En esta era de lo “políticamente correcto”, en la que con gran hipocresía también celebramos el fin de “todo lo sacro”, la inteligencia de esta obra se camufla muy bien en un humor deudor del estilo South Park, pues el antisemitismo (humor a costa del estereotipo judío, debería decirse para hablar con rigor) que en ella econtramos tiene poco que ver con el de Mel Brooks, por ejemplo; y parece ser más bien una actualización extremosa de lo que un día hicieran grandes como Lenny Bruce o Monty Python, salvando las distancias, claro está. Una cosa distinta, pero igualmente peligrosa, es la evidencia de una especie de pogrom mediático dentro de la comedia (en Borat más como vehículo que como realidad o compromiso).
Pero no estamos ante una película perfecta, ni mucho menos. El guión, a pesar ser inteligente, tener ritmo y ser una genuina orgía de risas, es bastante endeble, con demasiados fallos y omisiones, escondidos entre lo hilarante del desarrollo narrativo; errores que recuerdan demasiado el origen del personaje y su entorno, los sketches y un show de televisión. Incluso, tomándolos como sketches ensartados en un hilo conductor conceptualmente fuerte, me parece que al menos alguno de estos segmentos pudo haber quedado entre los descartes de la sala de edición. Descartados por su efecto negativo en el desarrollo de la historia, en el ritmo narrativo; no por su potencial ofensivo para algún grupo particular.
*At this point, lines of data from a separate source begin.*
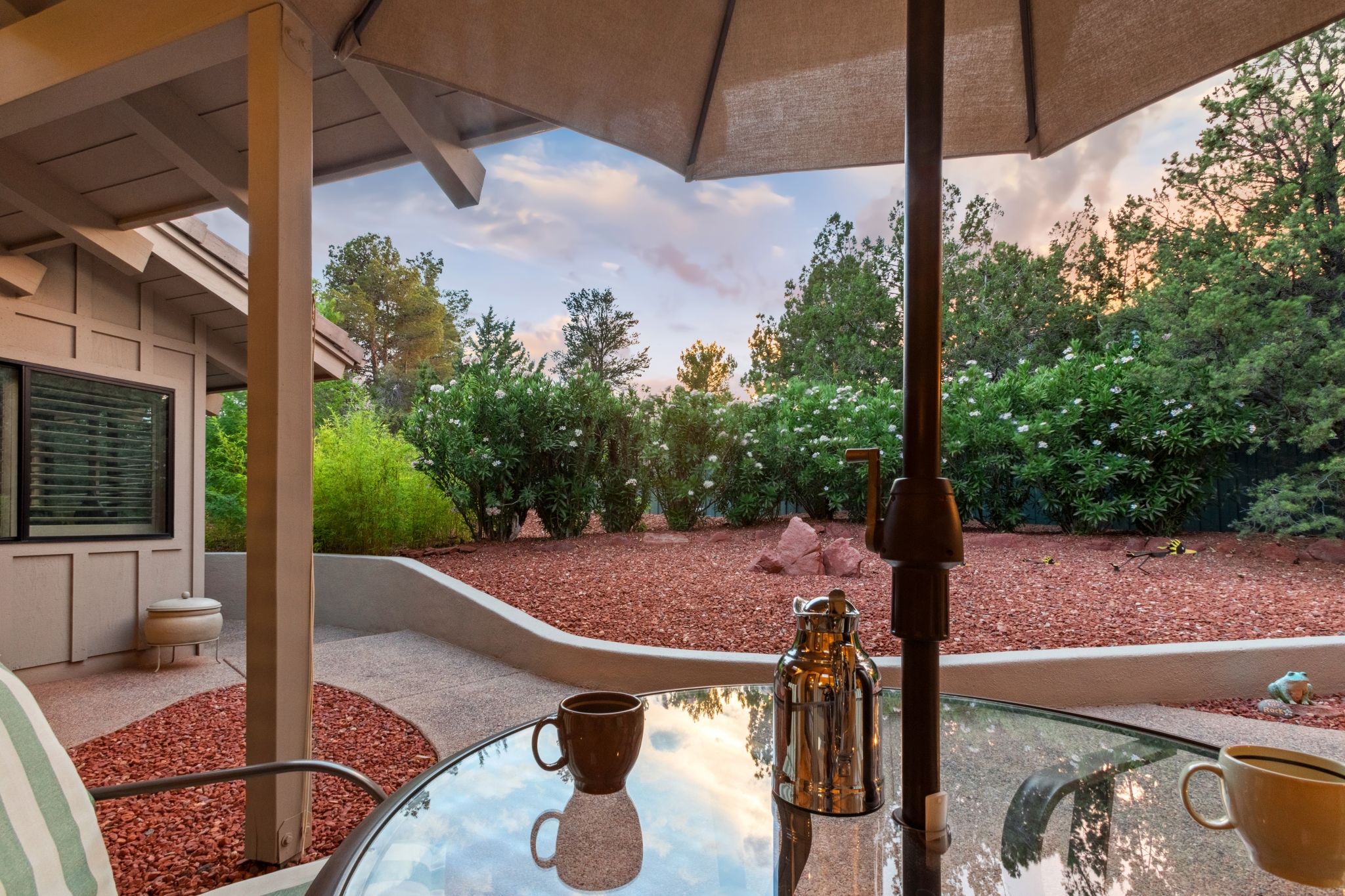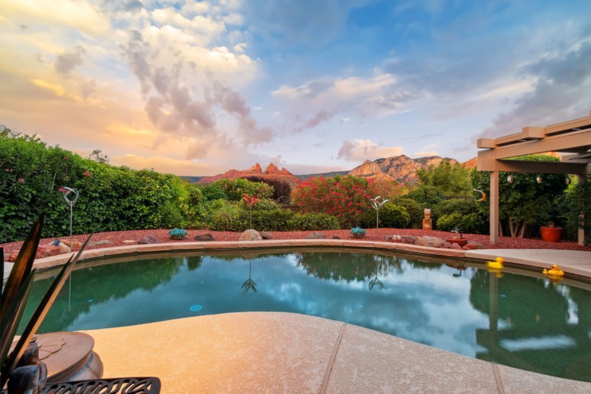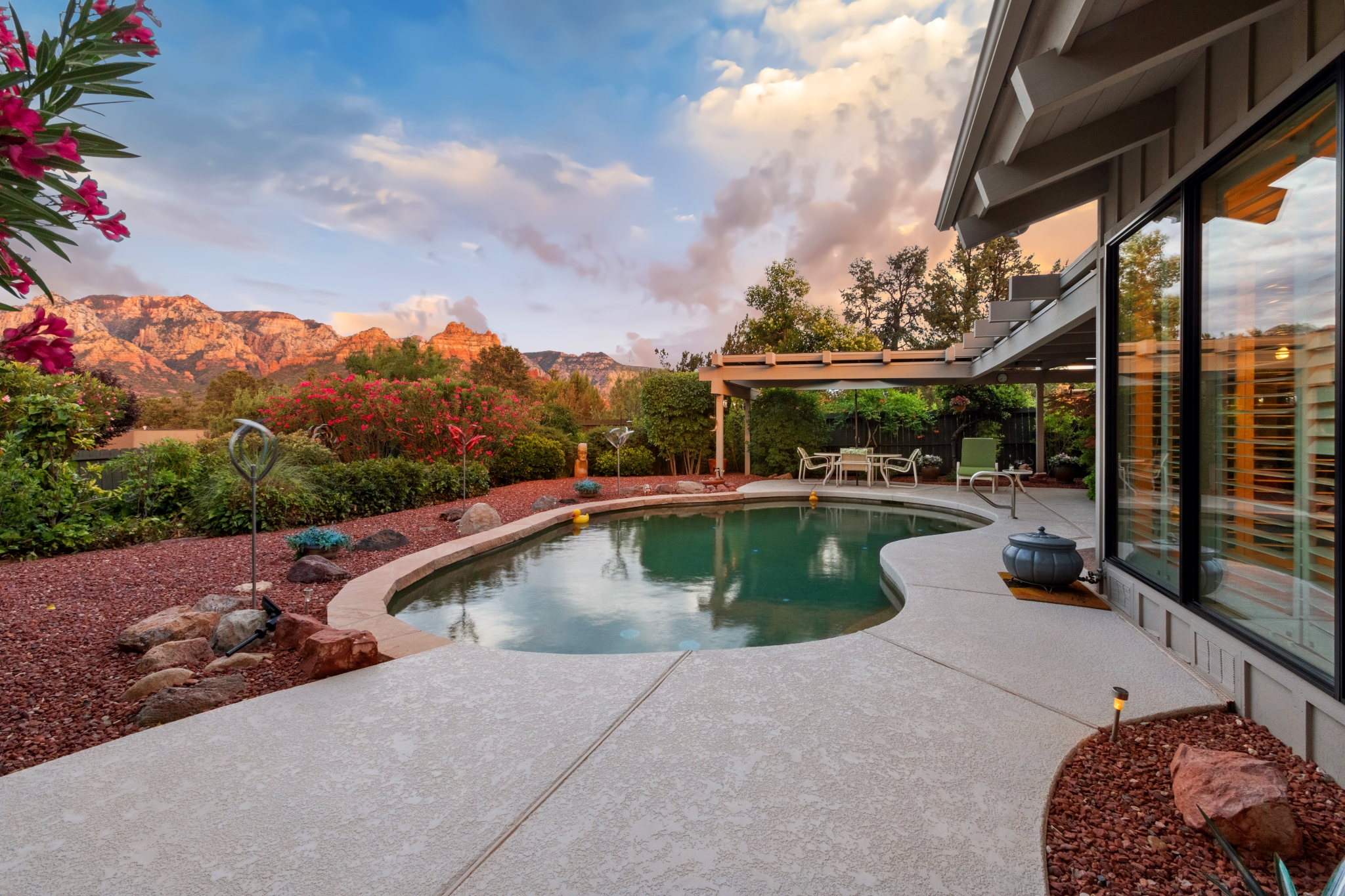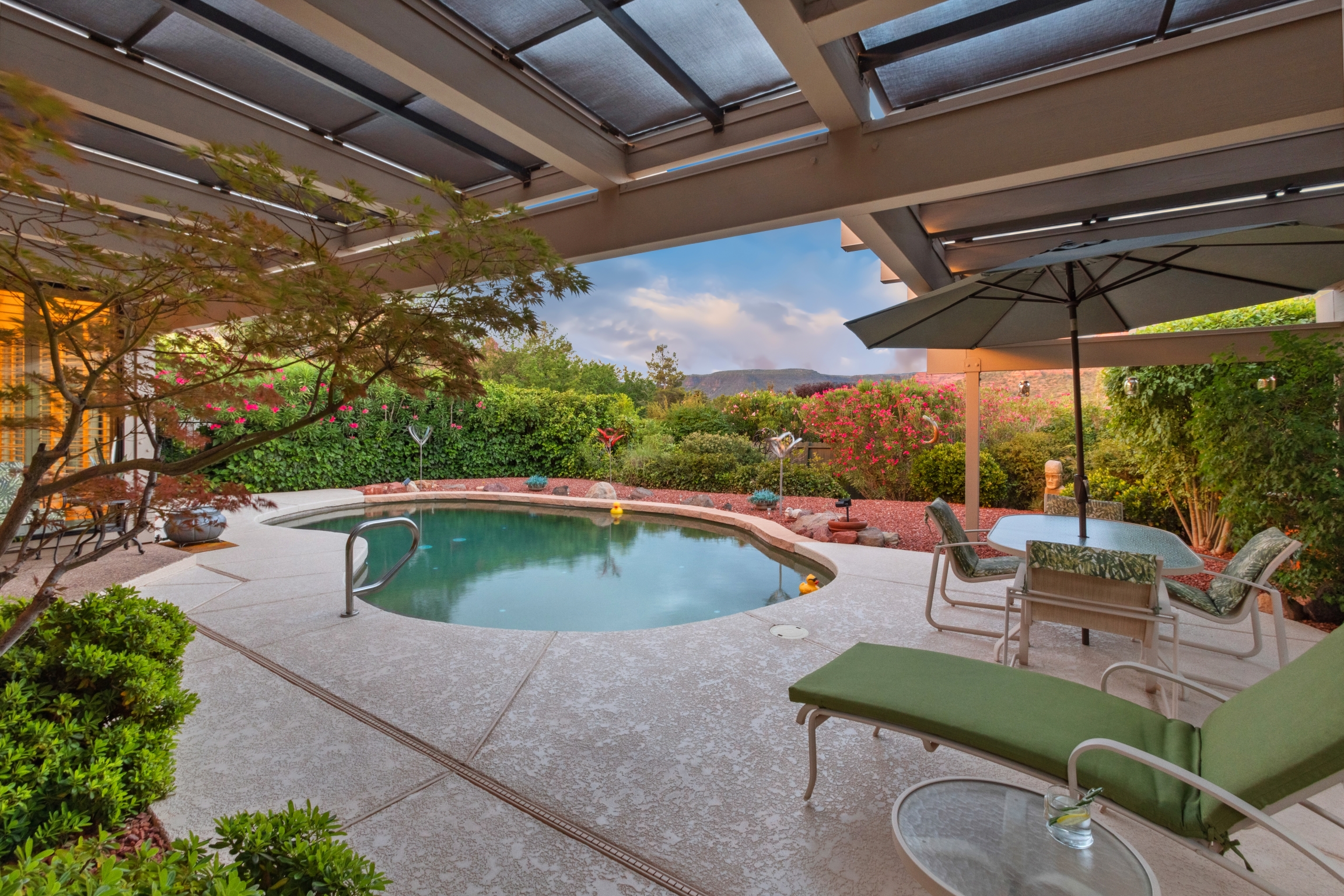 Hidden Utopia in Uptown! Highly desirable location, short walking distance to Shops, Restaurants and Hiking trails. Contemporary single level home with lush landscaping, private setting and totally fenced in. Immaculate home, floor plan splits into 2 bedrooms and 2 bathrooms which flanks the living area with a streamlined kitchen and dining room. Open concept design with vaulted ceilings and skylights, bright, airy and serene. Plantation shutters throughout to enjoy nature’s beauty surrounding the home. The great room has exceptional eastern views towards the Red Rocks and a private pool nestled among the Oasis. Beautiful sunset views from the living room, screened in Arizona room or while taking a dip in the swimming pool. Finished oversized 2 car garage with workbench, cabinets and storage. No HOAs and new roof. Relax and immerse yourself in this calming paradise.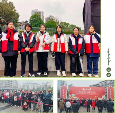 初2023级20班喻琪等同学成为了“春到万家——百姓大舞台,新春天天乐”2025年高坪区春节广场文艺大拜年活动的志愿者。她们负责场地布置工作,悬挂横幅,调试音响设备,疏导现场秩序,清理活动垃圾,为活动的顺利举行贡献了微薄的力量。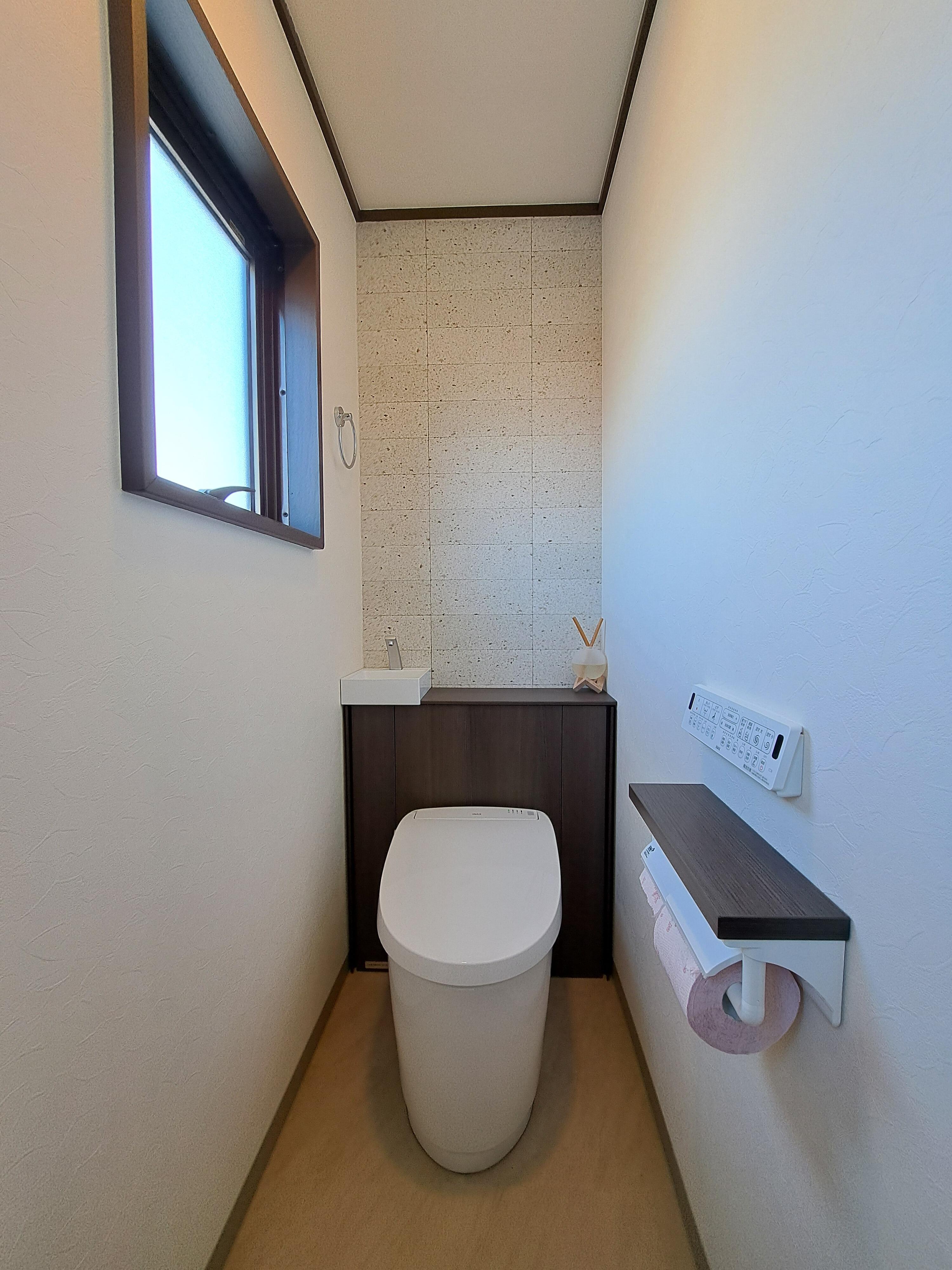 今回は、床や壁の一部がタイルで施工されていて、クロスではない壁だった1階と2階のトイレをスッキリしたい!というお施主様ご夫婦のご相談をお聞きして、リフォームさせていただきました。床はCFシート、壁はクロスで仕上げました。壁のクロスもアクセントに石目調のデザインを取り入れて、落ち着きのある空間にしました。トイレは、LIXIL“Jフォット”で収納スペースも確保。ベージュとブラウンを基調にすることで、スッキリ感と清潔感もアップ。以前のトイレからはイメージがガラッと変わり、掃除もしやすくなりました…と、ご家族皆さまにお気に入りいただく施工ができました。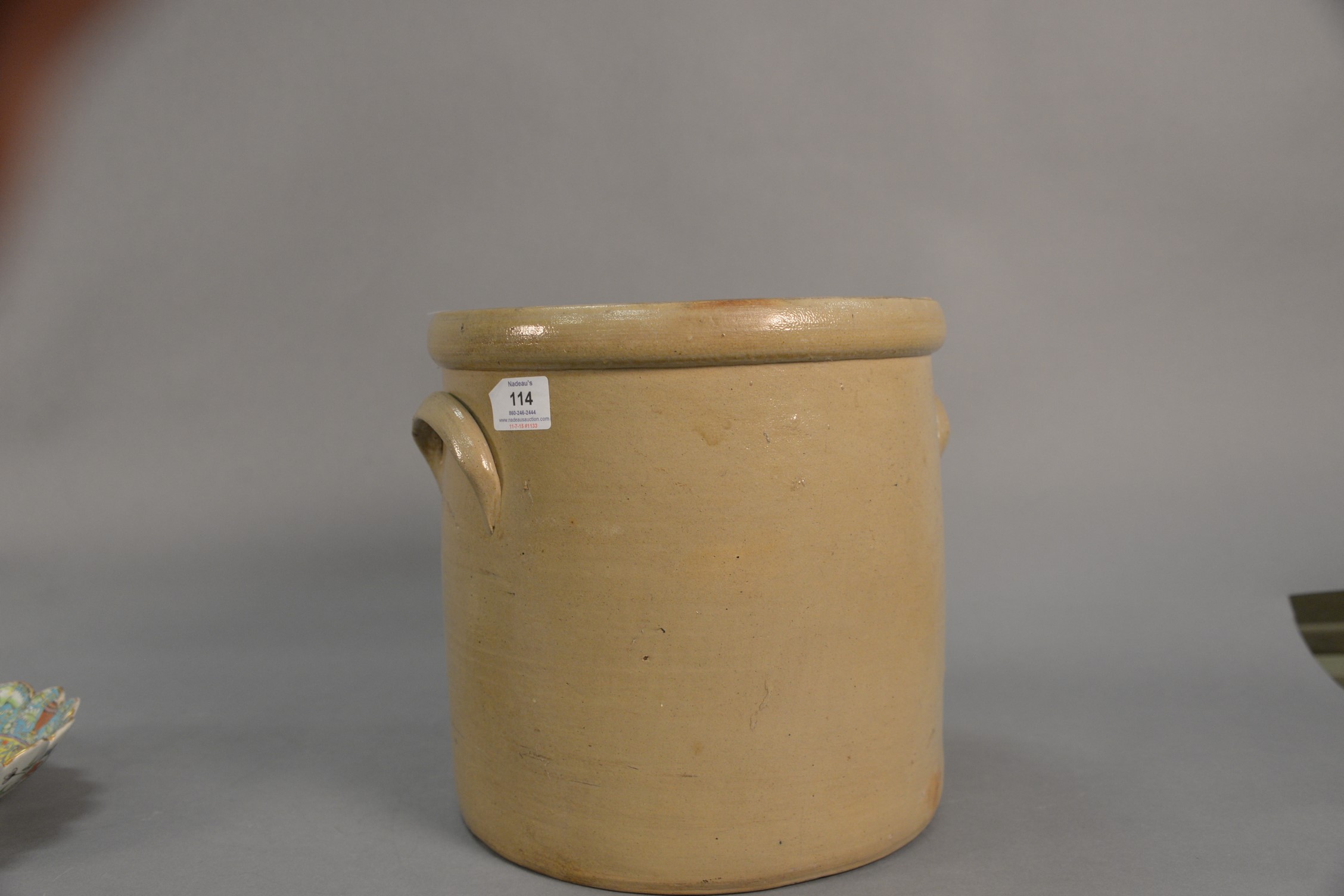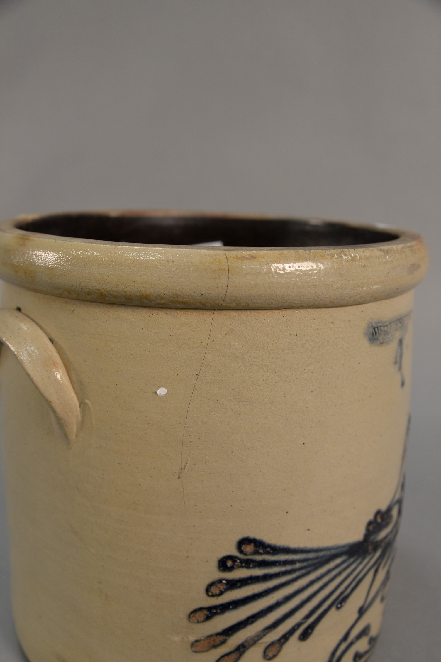 Lot 114: Whites Utica four gallon stoneware crock with cobalt blue bird and two handles crack. ht. 11 1/2 in.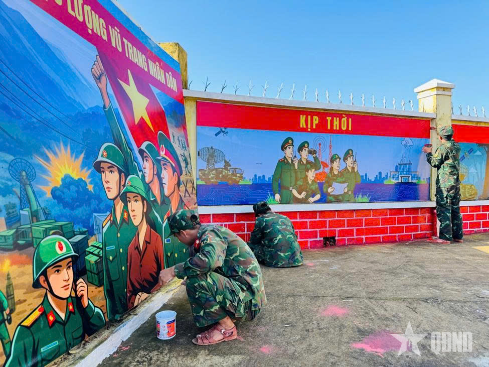Những bức tường bao được bộ đội sơn sửa, làm mới, vẽ tranh cổ động đón chào năm mới.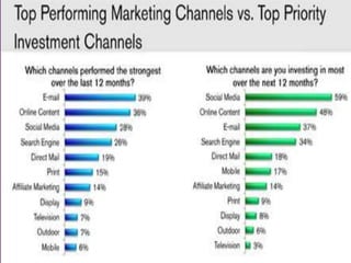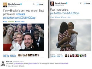 The document discusses the challenges of the modern digital environment, where individuals are bombarded with over 3,000 marketing messages per day and have very short attention spans. It emphasizes that visual content is processed much faster than text by the brain. It also provides tips for defining the target audience through research, setting goals for social media campaigns, and suggesting different types of social media content like photos, videos, and infographics.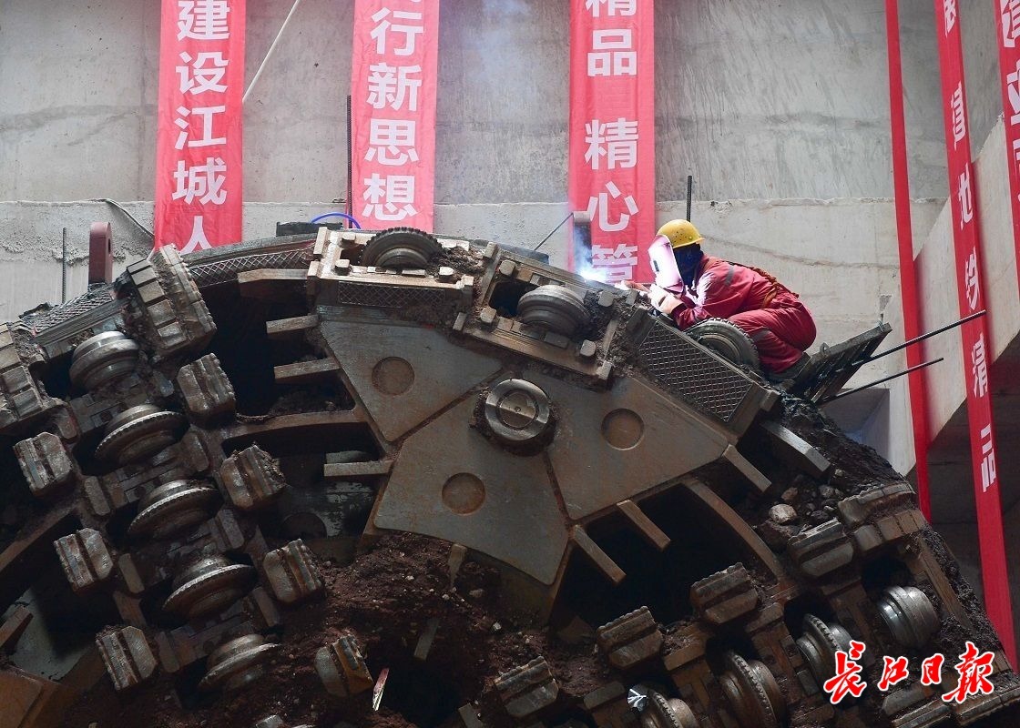 上午9时许,长江日报记者深入30多米深的前川线巨龙大道站底部,只见“昆仑33号”盾构机刀盘已经破土出来,施工人员正在顶部焊接吊装构件,准备将盾构机分批吊装至地面。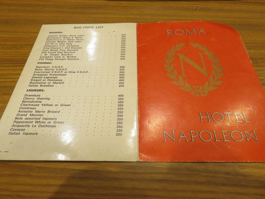 VECCHIO DEPLIANT TURISTICO HOTEL NAPOLEON ROMA LISTINO PREZZI BAR COCKTAILS DI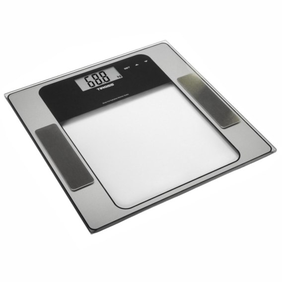 Waga łazienkowa Analityczna 150 kg TIROSS TS-1311 Nowoczesna waga łazienkowa z płytą wykonaną ze szkła hartowanego zapewnia łatwy pomiar wagi, tłuszczu oraz wody w organizmie.

Entre las fortalezas del film sobresale la actuación de Baron Cohen, que me sabe al desopilante y descontrolado Andy Kauffman (genial figura de culto, prematuramente desaparecido), y que justifica plenamente su Globo de Oro como mejor actor de comedia; pues Baron Cohen demuestra una entereza sorprendente, al no salirse ni un segundo de personaje, sin importar lo álgido de la situación en la que se encuentre metido. No debemos olvidar tampoco el límite de la plausiblidad, quebrado por la diestra caracterización del inglés, que hace pasar a un intelectual británico, de rigurosa formación e hijo de una familia judía practicante, por un primitivo kazajo antisemita y chauvinista. Otro punto alto en la actuación corresponde a Ken Davitian (Azamat Bagatov, el ficticio productor kazajo del film, compañero de viaje de Borat), incluso más contundente en su capacidad para mantener la ilusión y evitar romper el "cuarto muro" en momento alguno.

También se debe reconocer la dirección de Larry Charles, veterano de la escuela Seinfeld (escribió varios clásicos episodios) y actualmente involucrado en la cínica y posmodernamente graciosa “Curb your enthusiasm”, que mantiene su mano sutil y firme, evitando, en gran parte de la película, revelar los segmentos premontados y aquellos editados según las intenciones del equipo de producción. Esto no se puede decir de la secuencia que involucra a Pamela Anderson, pero al ser esta tan breve y no precisamente climática, no le resta demasiado ritmo a la película, acaso sí sigilo y sutileza, considerada la buena factura de las escenas "documentales".

Filmada con un ínfimo presupuesto, escrita por un puñado de agudos graduados de Cambridge, actuada por un judío practicante, dirigida por uno de los popes de la comedia contemporánea, rodada con actores accidentales en los “estados rojos” (republicanos, WASP, Okies, etc.) de la unión americana; “Borat” sin duda es una película que desternillará a tantos como ofenderá.

“Borat: Cultural Learnings of America for Make Benefit Glorious Nation of Kazakhstan” es crítica de muchas maneras, algunas menos sutiles que otras; desnudando el shock cultural que sufrimos muchos hijos del subdesarrollo al toparnos con urbes cosmopolitas, a la vez que logra poner en vergüenza al estereotípico republicano, blanco, conservador y cristiano; que sí existe, y explica, entre otras cosas, a sujetos como George W. Bush.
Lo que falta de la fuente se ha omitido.